ROBERTO ARLT was born in Buenos Aires in 1900. He had a deeply unhappy childhood and was brought up in the city’s crowded tenement houses — the same tenements which feature in The Seven Madmen . As a journalist, Arlt described the rich and vivid life of Buenos Aires. As an inventor, he patented a method to prevent ladders in women’s stockings.

Roberto Arlt died suddenly of a heart attack in Buenos Aires in 1942. He was the author of the novels The Enraged Toy, The Flamethrowers, Love the Enchanter and several plays. First published in 1929, The Seven Madmen perfectly captures the conflict of Argentine society at a crucial moment in its history.

Nick Caistor is the translator of The Seven Madmen . His “Arlt’s Life and Times” is included as the first of two Afterwords.

Roberto Bolaño’s “The Vagaries of the Literature of Doom” is the second Afterword.
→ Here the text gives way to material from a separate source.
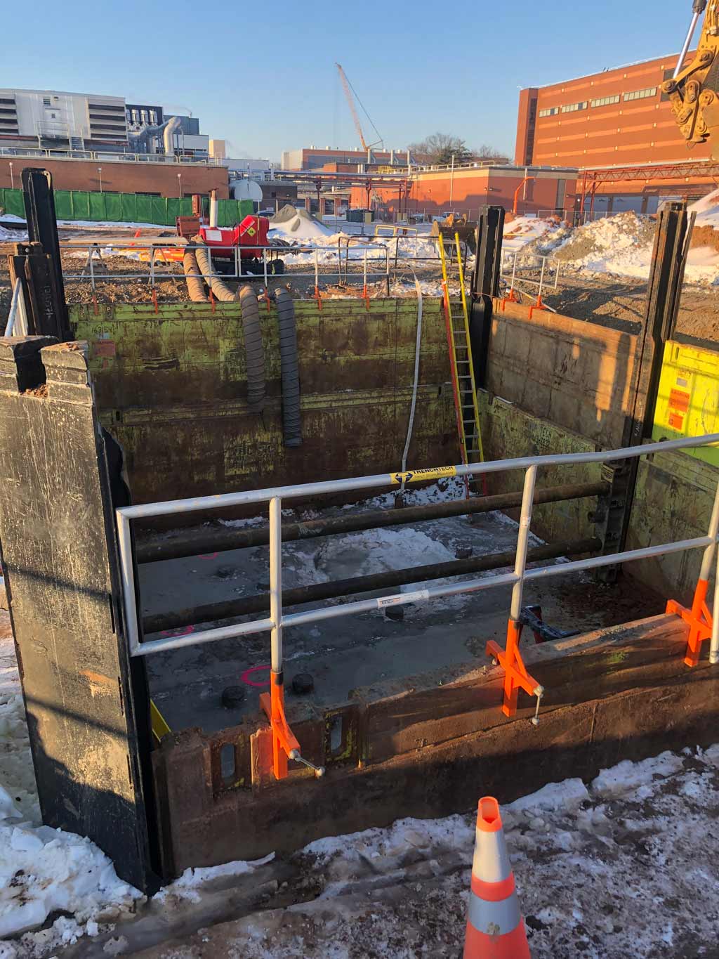 Multiple TrenchTech products were used to support this project - a 20' x 40' x 18' Slide Rail System along with the new Trenchbox ladder and Aluminum Guard Fence were included for a bore pit that the customer had to install to allow boring out of both sides. TrenchTech engineered both the shoring and the thrust blocks for this project. This sewer line bore under United States Postal Service property in Fairfax VA had 36" casings to upgrade the decades-old sewer line. TrenchTech worked with the contractor, County Reps, and a 3rd-party engineering firm throughout the submittal process to provide a site specific plan to minimize the footprint and stay in the LOD allotted during the design phase. The project had a tight timeline due to this being a highly utilized facility for the holiday season.Back to Project Gallery

Praise for The Seven Madmen

“If great means anything at all, then Arlt is surely a great writer … he is Latin America’s first truly urban novelist … this is the power which inspired literature possesses” Guardian

“The reader is possessed almost demonically by these characters … an indestructible force of great literature” Julio Cortázar

“Let’s say, modestly, that Arlt is Jesus Christ. Argentina, of course, is Israel and Buenos Aires is Jerusalem … Arlt is quick, a risk taker, adaptable, a born survivor … Arlt is a Russian, a character from Dostoyevsky, while Borges is an Englishman, a character from Chesterton or Shaw or Stevenson … without doubt an important part of Argentinian and Latin American literature” Roberto Bolaño

“Arlt is, plain and simple, the father of the modern Argentinian novel … he is the most important Argentinian novelist, the greatest” Ricardo Piglia

“If ever anyone from these shores could be called a literary genius, his name was Roberto Arlt … I am talking about a novelist who will be famous in time … and who, unbelievably, is almost unknown in the world today” Juan Carlos Onetti

CHAPTER ONE

THE SURPRISE

As soon as he opened the frosted glass door to the manager’s office, Remo Erdosain wanted to turn back; he realised he was a lost man, but it was too late.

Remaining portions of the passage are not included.